こういった制作秘話を実際に聞いてみて、確かにわたしは陸さんに新しい場所に連れて行ってもらえているのだと感じる。あまり旅をしたことのないわたしも、こういう場所だったら是非ハンナを連れて旅してみたい、そんな風に感じる。さすがにハンナを連れてゆくのは無理なのだけれど、いつか夢の中でハンナをどこかに連れてゆきたいと思ったその感情は何か普遍的なもののように感じる。




<そうか…わたしが魔法が使えたら、ハンナと旅をしてみたい>




それが浮かんだ時、再び陸さんからメッセージ。




『今、SNSの方にも投稿したのですが、この作品が生まれる切っ掛けになった『曲』があります』




説明されるままSNSの方を確認しに行くと「Asita」さんのこんな投稿。




『とある曲を聴いていたときに、そのコード進行がまるで自分をどこかに連れて行ってくれるようだと感じて『旅』というテーマが浮かびました』




『コード進行』という少し聞きなれない言葉にわたしには聞き覚えがあった。前に付き合っていた『その人』は昔友人とバンドをしていた事があったらしく、わたしの好きなある曲のコード進行を「王道のコード進行だ」と説明していたのだ。
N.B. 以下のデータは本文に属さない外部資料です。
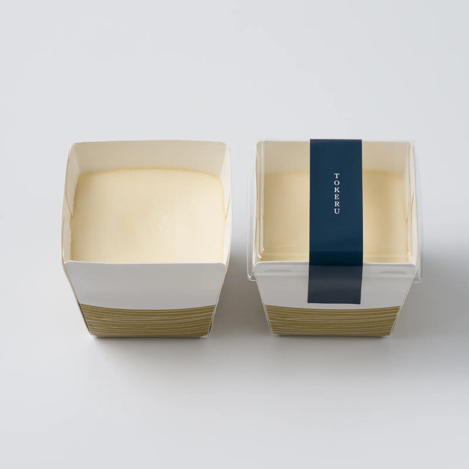 看板商品「酒スフレTOKERU」はやさしい甘さのチーズスフレが口の中でとろけ、 お酒の香りと味わいが広がります。まるで、「すくって食べる日本酒」。
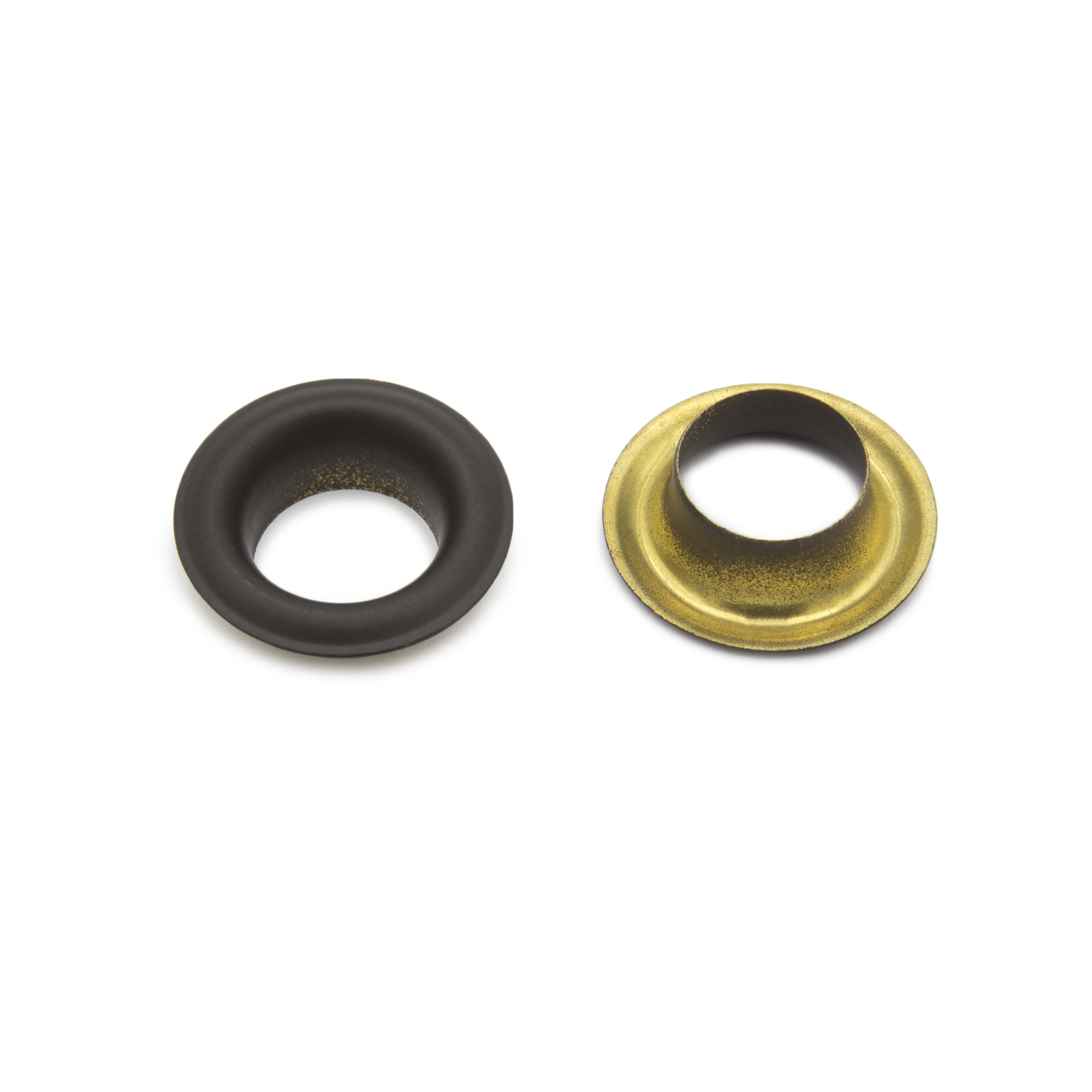 Eyelet (Part A'), Brass material, Round shape, 11mm inner size, Black color.
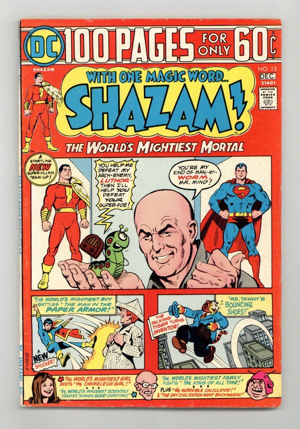 Tags: Giant-Sized Issue, Superman$14.25100-page giant. Two new stories: "Captain Marvel Meets Lex Luthor!?!" Script by Denny O'Neil. pencils by Bob Oksner, inks by Tex Blaisdell. Guest starring Mr. Mind. Captain Marvel Jr. stars in "The Man in the Paper Armor!" Script by E. Nelson Bridwell, art by Kurt Schaffenberger. Reprints: "Mary Marvel Meets the Chameleon Girl" (from Marvel Family 47 in 1950), "Sivana's Good Inventions" (from MF 50 in 1950; art by Pete Costanza), "The Marvel Family Battles the King of All Time" (from MF 88 in 1953; art by Kurt Schaffenberger), "The Incredible Calculator" (from Captain Marvel Adventures 53 in 1946; pencils by C.C. Beck, inks by Costanza), "Mr. Tawny's Bouncing Shoes" (from CMA 134 in 1952; art by Beck), "The Day Civilization Went Backwards" (from CMA 115 in 1950; art by Costanza). Oksner cover. Cover price $0.60.

その時の言葉がどういうニュアンスだったのか、今ではよく分からなくなっているけれど、改めて陸さんにコード進行の話を聞いてみる。



『簡単に説明すると、ギターやピアノとかで和音を奏でる時にその和音をある名前で区別するんです。その一つ一つが『コード』なんですが、曲が演奏される時に順々に和音を奏でてゆく場合には、メロディーに合うようにコードが展開…『進行』してゆくんです。僕が今回聴いた曲、すごく懐かしい心地にさせてくれるんですが同時に新しさも感じて、たぶんその理由が不思議なコード進行にあると感じています』




その日あんまりにもメッセージに熱中していたからなのか、ハンナが突然「にゃー」と鳴いて驚いてしまった。ウトウトしていたと思っていたらいつの間にか目をギラギラさせているのでおやつをねだっているのだと思う。やりとりを続けたい気持ちで気もそぞろにハンナに左手で正規品(怜からの差し入れ)を与えながら、右手でスマホを操作する。




『その曲のタイトルは』



片手での操作の途中に誤ってタップしてしまった結果、中途半端なメッセージが送られてしまう。意味は通じるので問題なくリプが返ってくる。
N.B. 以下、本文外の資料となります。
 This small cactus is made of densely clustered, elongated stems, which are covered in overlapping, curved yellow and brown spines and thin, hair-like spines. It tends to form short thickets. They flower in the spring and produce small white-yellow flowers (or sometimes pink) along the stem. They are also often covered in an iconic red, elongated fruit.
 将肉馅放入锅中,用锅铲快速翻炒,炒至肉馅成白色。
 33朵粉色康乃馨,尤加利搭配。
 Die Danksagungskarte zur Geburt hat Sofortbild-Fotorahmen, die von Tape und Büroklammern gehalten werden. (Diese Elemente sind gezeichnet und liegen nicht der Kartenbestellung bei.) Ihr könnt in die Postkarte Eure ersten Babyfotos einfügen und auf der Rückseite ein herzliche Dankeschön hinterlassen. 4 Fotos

『 【Sound】 というタイトルです。MVのリンクがこれです』





紹介されたリンクをタップして表示されたMVはアニメーション仕立てになっていた。そしてそれは少し懐かしい時代のスタイルのアニメといった感じで全体的にレトロでありながらポップで音楽ともマッチしている。キーボードの音が曲を際立たせていて、これまでに聴いた事の無いような不思議なリズム感で曲は展開してゆき、なんとなく洋楽の雰囲気もある。ハンナもその音楽にところどころ反応して、心地よさそうな表情で耳を立てている。




『コード進行』について語るなら全体的にふわっとしている感じがあって、ボーカルも中性的な歌声なのでまるで夢の中にいるような気分になる。陸さんの言った『懐かしさ』は子供の頃に感じた何かを取り戻すような感覚なのかもしれない。





「とっても優しい気持ちになれる」





自然とそんな言葉が出てきた。陸さんがこの曲を聴いてあの絵のインスピレーションが浮かんだという理由もよく分かる。と、そこでわたしはハンナがうとうとしている様子を映した写真の編集を再開する。その時選んだ色合いは懐かしさを感じるようなもので、そこに「Sound」という先程の曲のリンクを張ってこんな文章を載せる。
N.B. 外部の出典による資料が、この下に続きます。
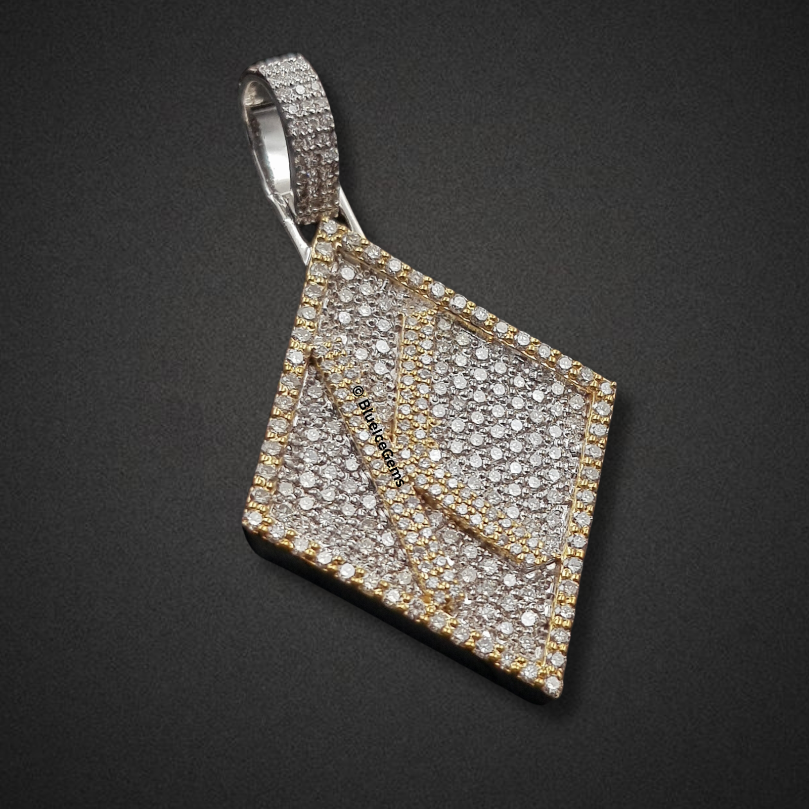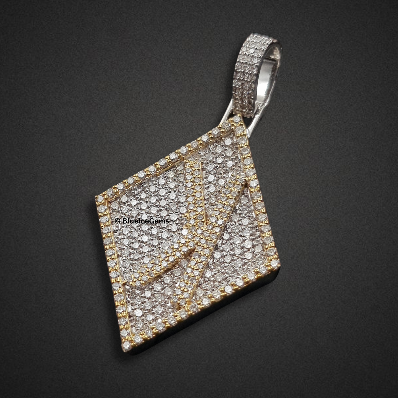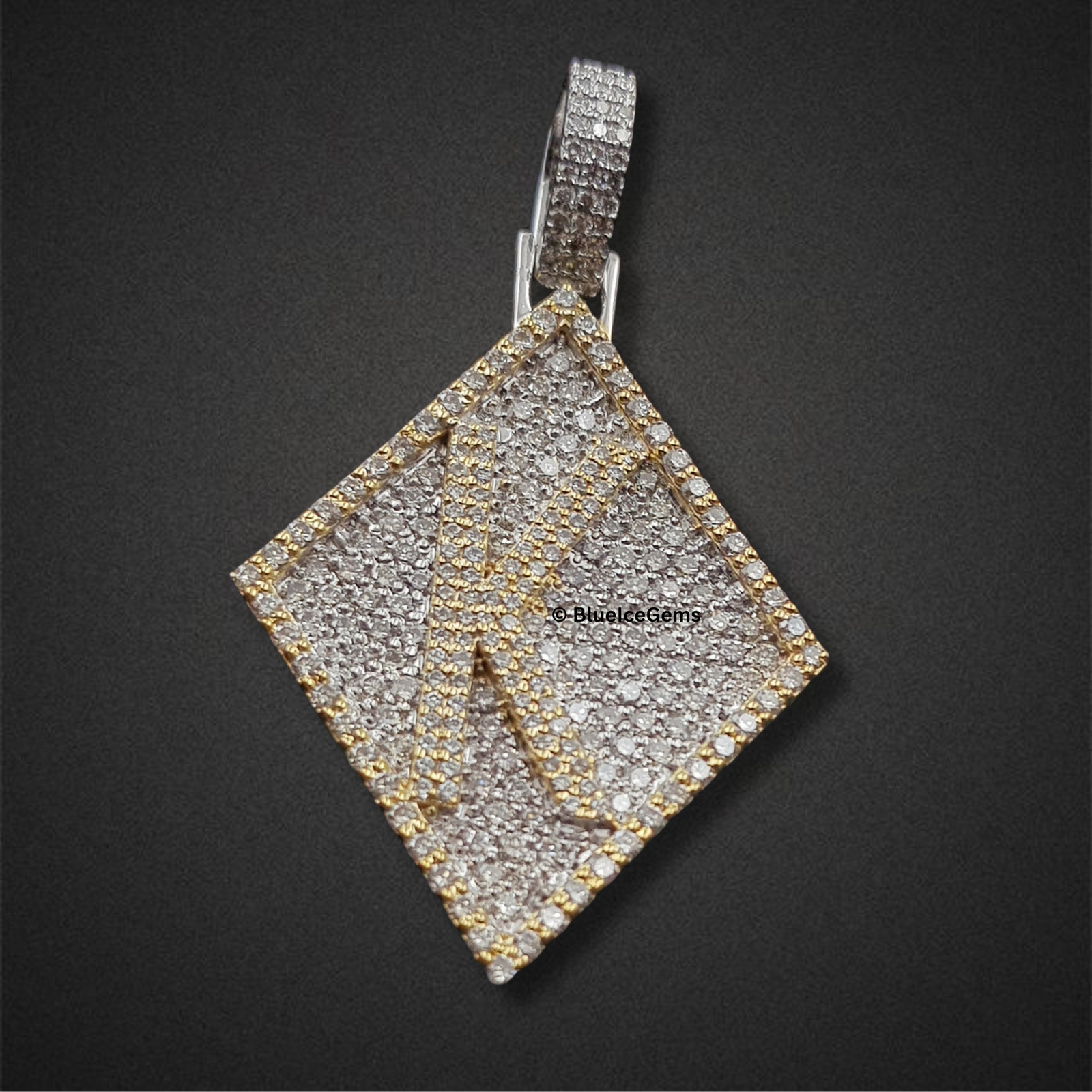 Command attention with this bold, diamond-shaped pendant, a striking fusion of geometric design and dazzling brilliance. Its entire surface is meticulously blanketed in an astonishing array of brilliant pave-set white diamonds, creating an uninterrupted field of pure fire and scintillation that captures and reflects light from every angle. Dynamic lines of polished yellow gold elegantly cut across the diamond form, adding depth and contrast, while the robust bail, also diamond-studded, ensures a prominent display. This piece exudes uncompromised luxury and audacious personal style, making a powerful statement of aspiration and unique design.H 2 inch (without bail) * width 2 inch (it’s depend on letters)

『ある人から教えてもらったこの曲を聴いているととっても優しい気持ちになってきます』




陸さんに教えてもらってすぐにこんな投稿をしてしまうのも我ながら苦笑いなのだけれど、陸さんがハンナをモデルに描いてくれたように良いものをなるべく早く広めたくなる気持ちはわたしも同じなのかも知れない。そのままアプリのホーム画面に戻ってフォローしている人の投稿をチェックしていると「akane_stella」さんが少し前に投稿した内容に多数の反応がある事が分かった。そしてその投稿はすこしばかり謎めいていた。




『「i」という虚数の実在性が確認されたのだとしたら、それを扱う操作ができるなら』




意味深な言葉と、コーヒーにミルクが混ざり合う模様の写真。意味を訊ねてみたかったけれど、何故かメッセージを打とうとするその手は止まる。